Top 10 richest club owners in full:

1. Dietmar Mateschitz (Red Bull Salzburg/RB Leipzig, £17.8bn)

2. Sheikh Mansour (Manchester City/City Football Group, £17bn)

3. Agnelli family (Juventus, £10.4bn)

4. Philip Anschutz (LA Galaxy, £10bn)

5. Roman Abramovich (Chelsea, £8.3bn)

6. Stan Kroenke (Arsenal, £6.4bn)

7. Nasser Al-Khelaifi (Paris Saint-Germain, £6.2bn)

8. Shahid Khan (Fulham, £5.4bn)

9. Zhang Jindong (Inter/Jiangsu Suning, £5.2bn)

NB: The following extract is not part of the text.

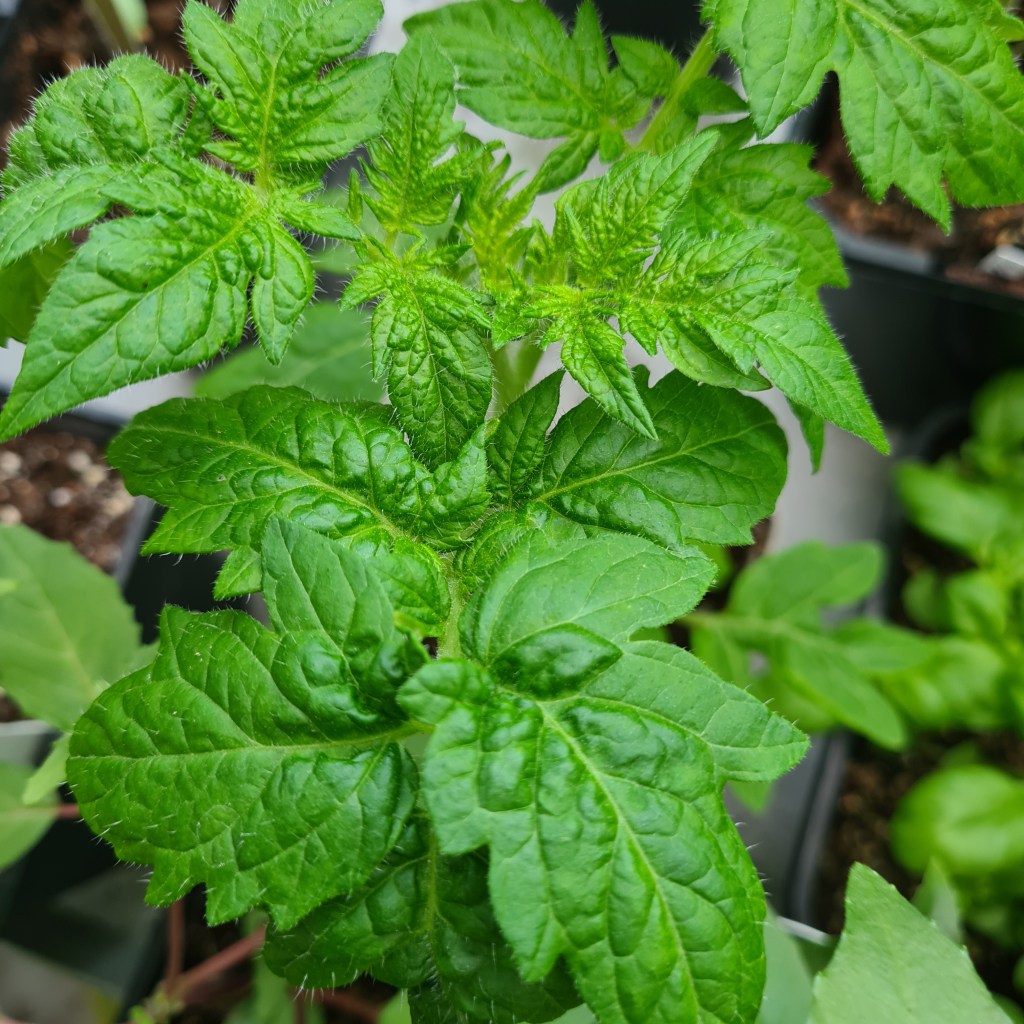 Även om jag inte är så förtjust i att odla busktomater (tar för stor plats av marken i mina lilla trädgård) har jag ändå sått tre sorter! ’Geranium Kiss’ kunde jag inte låta bli för att den är vacker och ger tomater som är lite störe än körsbär. ’Vilma’ och ’Maskotka’ åkte med av bara farten. Både har växtkraft och ger tonmater tidigt. Jag gråter inte om jag gör mig av med plantorna tidigt.

10. Joe Lewis (Tottenham Hotspur, £3.8bn)

"We are so rich!"
If only they didn't spend so much money on F1, cricket, basketball and fashion....
 

Hust

Senior Member
Hustini
May 29, 2005
93,348
Juventus’ share price has fallen by more than 10 percent in wake of their Champions League defeat to Atletico Madrid.
Juve closed the Borsa Italiana on Wednesday at €1.45 but opened the following morning at just €1.29, representing a 10.01% drop.
It comes after the Bianconeri were beaten 2-0 by Atleti in the first leg of their Champions League last-16 tie.
The price of Juve stock took a similar tumble in October, when rape allegations against Cristiano Ronaldo first emerged.
Calcio e Finanza reports the Old Lady will miss out on ‘at least €10.5m’ if they fail to reach the quarter-finals of Europe’s elite club competition.
 

AFL_ITALIA

MAGISTERIAL
Jun 17, 2011
29,581
Lol was obviously exaggerating but the point is true. She wants to tax ordinary income over a certain amount at 70%. You'll just get athletes with that. No truly wealthy person generates their wealth through ordinary income.
"Over a certain amount" being 10 million. 99% of athletes don't even reach that.

- - - Updated - - -

Juventus’ share price has fallen by more than 10 percent in wake of their Champions League defeat to Atletico Madrid.
Juve closed the Borsa Italiana on Wednesday at €1.45 but opened the following morning at just €1.29, representing a 10.01% drop.
It comes after the Bianconeri were beaten 2-0 by Atleti in the first leg of their Champions League last-16 tie.
The price of Juve stock took a similar tumble in October, when rape allegations against Cristiano Ronaldo first emerged.
Calcio e Finanza reports the Old Lady will miss out on ‘at least €10.5m’ if they fail to reach the quarter-finals of Europe’s elite club competition.
Oh fuck. I completely forgot about losing out on the money. Just when we'll need it to reinvent the midfield too.